** Opening INPUT DATA block **

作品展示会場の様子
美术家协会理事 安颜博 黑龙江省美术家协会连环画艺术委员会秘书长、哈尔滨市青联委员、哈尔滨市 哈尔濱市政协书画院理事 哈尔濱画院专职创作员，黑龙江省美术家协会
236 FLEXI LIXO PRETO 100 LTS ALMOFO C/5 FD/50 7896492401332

** Closing INPUT DATA block **
** Opening INPUT DATA block **

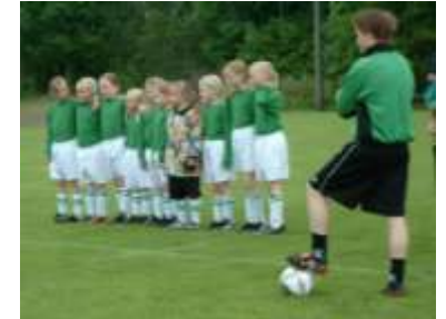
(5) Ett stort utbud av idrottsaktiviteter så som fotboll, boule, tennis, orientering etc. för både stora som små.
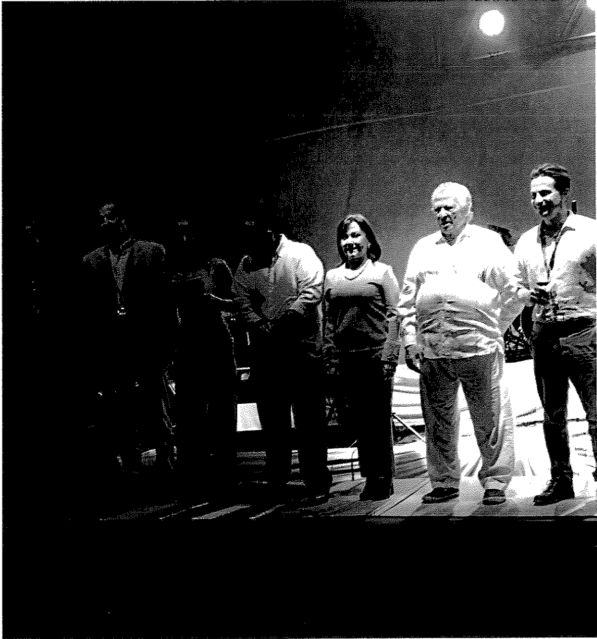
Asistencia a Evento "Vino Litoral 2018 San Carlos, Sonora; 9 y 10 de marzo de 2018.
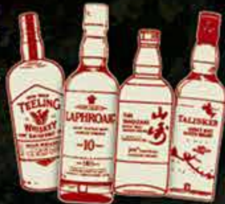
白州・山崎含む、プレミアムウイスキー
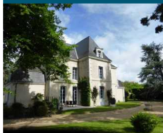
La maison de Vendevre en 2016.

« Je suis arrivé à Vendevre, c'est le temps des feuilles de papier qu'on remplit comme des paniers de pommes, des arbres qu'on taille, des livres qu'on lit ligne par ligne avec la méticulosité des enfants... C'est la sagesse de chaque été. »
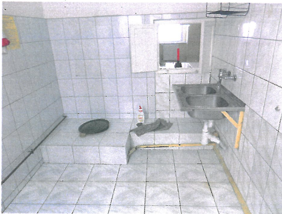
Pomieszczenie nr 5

** Closing INPUT DATA block **

:: THE TASK ::
Repeat, character for character, the lines of the material above from the line with "美术家协会理事 安颜博 黑龙江省美术家协会连环画艺术委员会秘书长、哈尔滨市青联委员、哈尔滨市" through the line with "236 FLEXI LIXO".

:: WRITTEN RESPONSE ::
美术家协会理事 安颜博 黑龙江省美术家协会连环画艺术委员会秘书长、哈尔滨市青联委员、哈尔滨市 哈尔濱市政协书画院理事 哈尔濱画院专职创作员，黑龙江省美术家协会
236 FLEXI LIXO PRETO 100 LTS ALMOFO C/5 FD/50 7896492401332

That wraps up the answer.